_DIRECTIONS FOR THIS TASK_
From the entries that follow, copy exactly the lines beginning at the line holding "Bershka – Czarne" and continuing through the line holding "Set here over".
____
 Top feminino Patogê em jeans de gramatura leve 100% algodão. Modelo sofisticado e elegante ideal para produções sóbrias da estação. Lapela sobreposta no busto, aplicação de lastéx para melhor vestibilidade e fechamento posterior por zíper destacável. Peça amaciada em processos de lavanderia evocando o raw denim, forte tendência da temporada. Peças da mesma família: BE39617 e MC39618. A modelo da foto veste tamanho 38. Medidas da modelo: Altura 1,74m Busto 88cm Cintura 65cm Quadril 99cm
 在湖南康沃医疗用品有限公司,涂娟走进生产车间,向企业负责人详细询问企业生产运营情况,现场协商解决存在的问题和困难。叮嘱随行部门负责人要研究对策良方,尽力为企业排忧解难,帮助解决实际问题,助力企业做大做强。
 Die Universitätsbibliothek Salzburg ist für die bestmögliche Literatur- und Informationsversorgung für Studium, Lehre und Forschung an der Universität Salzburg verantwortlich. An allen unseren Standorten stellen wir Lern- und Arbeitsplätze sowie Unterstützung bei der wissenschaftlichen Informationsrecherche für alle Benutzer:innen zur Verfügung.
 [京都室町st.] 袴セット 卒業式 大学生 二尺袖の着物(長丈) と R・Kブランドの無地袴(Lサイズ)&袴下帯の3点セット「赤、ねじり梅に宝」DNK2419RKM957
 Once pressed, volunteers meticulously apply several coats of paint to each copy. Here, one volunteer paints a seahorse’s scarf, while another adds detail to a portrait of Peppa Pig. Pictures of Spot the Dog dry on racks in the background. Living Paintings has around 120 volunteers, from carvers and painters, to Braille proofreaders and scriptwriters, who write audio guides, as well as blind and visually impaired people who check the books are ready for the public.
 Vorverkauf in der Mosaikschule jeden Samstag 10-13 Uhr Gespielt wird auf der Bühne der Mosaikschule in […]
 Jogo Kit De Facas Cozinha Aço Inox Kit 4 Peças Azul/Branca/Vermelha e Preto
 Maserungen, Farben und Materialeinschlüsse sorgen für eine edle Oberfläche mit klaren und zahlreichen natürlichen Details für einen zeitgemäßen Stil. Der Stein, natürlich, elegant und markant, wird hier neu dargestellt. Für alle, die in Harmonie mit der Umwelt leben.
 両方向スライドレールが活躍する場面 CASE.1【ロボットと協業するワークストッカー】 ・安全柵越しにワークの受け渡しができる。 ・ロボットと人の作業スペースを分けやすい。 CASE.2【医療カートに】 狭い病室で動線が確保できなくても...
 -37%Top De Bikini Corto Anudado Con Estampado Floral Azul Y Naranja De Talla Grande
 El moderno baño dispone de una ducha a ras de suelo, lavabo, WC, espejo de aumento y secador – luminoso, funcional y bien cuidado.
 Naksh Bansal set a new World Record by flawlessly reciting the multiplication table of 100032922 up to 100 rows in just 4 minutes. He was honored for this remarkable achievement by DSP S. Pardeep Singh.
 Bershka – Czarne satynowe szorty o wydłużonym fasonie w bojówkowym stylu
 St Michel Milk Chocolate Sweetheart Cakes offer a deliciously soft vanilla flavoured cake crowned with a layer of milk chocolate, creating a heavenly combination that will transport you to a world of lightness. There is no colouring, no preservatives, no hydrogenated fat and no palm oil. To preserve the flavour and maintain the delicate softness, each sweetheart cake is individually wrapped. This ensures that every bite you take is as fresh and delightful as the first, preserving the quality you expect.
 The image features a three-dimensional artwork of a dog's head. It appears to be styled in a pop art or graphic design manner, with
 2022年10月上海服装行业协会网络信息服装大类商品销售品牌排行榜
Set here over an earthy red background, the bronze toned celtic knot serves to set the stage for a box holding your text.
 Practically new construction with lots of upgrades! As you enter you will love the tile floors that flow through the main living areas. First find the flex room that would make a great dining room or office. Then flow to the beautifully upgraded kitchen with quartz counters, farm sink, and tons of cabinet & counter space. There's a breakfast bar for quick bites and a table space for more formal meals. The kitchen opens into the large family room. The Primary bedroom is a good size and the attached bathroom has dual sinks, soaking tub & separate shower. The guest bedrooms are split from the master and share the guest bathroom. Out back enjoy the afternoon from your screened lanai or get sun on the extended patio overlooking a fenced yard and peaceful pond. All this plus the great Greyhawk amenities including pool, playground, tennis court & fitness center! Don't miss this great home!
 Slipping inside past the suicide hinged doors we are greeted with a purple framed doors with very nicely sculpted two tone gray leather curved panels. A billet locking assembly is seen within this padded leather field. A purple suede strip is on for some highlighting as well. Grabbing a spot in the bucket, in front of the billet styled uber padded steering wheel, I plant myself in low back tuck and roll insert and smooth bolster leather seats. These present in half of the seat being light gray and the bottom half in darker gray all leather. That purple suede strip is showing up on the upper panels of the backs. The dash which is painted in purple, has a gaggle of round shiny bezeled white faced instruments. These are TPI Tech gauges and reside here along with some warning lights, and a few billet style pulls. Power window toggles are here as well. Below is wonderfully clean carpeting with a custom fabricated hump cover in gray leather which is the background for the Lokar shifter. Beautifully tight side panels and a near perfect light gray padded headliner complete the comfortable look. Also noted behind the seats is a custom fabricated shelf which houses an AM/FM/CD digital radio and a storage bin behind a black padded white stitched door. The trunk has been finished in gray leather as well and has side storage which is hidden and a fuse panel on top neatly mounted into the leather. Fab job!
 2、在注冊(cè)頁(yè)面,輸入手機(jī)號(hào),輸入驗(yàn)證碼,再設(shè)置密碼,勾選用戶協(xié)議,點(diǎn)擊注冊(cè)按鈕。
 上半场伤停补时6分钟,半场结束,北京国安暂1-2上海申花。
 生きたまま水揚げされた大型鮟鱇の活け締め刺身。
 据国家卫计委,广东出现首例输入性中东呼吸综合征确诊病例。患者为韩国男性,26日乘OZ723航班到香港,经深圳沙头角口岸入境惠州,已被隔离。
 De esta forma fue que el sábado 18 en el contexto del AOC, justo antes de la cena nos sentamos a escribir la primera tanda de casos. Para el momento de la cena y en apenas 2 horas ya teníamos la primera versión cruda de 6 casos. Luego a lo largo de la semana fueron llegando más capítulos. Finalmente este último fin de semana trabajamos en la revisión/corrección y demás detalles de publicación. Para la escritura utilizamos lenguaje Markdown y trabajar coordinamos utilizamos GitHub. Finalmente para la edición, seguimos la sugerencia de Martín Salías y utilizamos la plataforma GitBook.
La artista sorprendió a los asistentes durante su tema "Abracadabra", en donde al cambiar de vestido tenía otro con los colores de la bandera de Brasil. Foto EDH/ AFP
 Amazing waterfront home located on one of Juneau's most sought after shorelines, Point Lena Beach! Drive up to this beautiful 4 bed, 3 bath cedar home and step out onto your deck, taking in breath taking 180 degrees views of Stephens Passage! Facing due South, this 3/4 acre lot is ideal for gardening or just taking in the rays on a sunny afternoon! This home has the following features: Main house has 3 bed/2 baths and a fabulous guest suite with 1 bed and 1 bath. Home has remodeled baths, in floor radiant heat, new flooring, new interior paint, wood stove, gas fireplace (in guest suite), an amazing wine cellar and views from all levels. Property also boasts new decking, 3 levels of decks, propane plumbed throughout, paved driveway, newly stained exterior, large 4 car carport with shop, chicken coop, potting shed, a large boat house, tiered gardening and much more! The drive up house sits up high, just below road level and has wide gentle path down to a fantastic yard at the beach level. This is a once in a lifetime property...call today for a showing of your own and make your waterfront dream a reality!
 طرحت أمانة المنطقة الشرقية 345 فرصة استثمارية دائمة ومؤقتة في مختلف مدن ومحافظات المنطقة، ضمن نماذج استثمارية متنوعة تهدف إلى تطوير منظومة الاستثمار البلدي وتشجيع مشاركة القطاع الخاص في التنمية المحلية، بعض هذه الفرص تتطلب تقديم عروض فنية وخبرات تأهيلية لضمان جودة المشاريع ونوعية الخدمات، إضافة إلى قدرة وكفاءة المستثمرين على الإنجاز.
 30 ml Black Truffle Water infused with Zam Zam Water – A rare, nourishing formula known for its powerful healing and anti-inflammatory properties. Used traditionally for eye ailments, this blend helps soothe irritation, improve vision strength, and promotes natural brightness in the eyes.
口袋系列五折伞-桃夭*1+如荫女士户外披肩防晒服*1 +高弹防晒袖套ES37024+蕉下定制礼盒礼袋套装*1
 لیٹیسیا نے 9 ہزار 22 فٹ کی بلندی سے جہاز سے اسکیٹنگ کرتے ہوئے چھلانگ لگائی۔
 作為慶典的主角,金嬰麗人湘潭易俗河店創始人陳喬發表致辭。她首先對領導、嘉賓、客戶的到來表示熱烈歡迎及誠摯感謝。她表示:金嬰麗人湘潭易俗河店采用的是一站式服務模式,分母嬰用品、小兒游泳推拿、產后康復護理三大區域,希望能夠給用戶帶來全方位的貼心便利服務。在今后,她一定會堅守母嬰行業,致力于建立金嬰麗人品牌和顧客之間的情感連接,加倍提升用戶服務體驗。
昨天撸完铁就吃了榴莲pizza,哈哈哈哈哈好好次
____
_WRITTEN REPLY_
 Bershka – Czarne satynowe szorty o wydłużonym fasonie w bojówkowym stylu
 St Michel Milk Chocolate Sweetheart Cakes offer a deliciously soft vanilla flavoured cake crowned with a layer of milk chocolate, creating a heavenly combination that will transport you to a world of lightness. There is no colouring, no preservatives, no hydrogenated fat and no palm oil. To preserve the flavour and maintain the delicate softness, each sweetheart cake is individually wrapped. This ensures that every bite you take is as fresh and delightful as the first, preserving the quality you expect.
 The image features a three-dimensional artwork of a dog's head. It appears to be styled in a pop art or graphic design manner, with
 2022年10月上海服装行业协会网络信息服装大类商品销售品牌排行榜
Set here over an earthy red background, the bronze toned celtic knot serves to set the stage for a box holding your text.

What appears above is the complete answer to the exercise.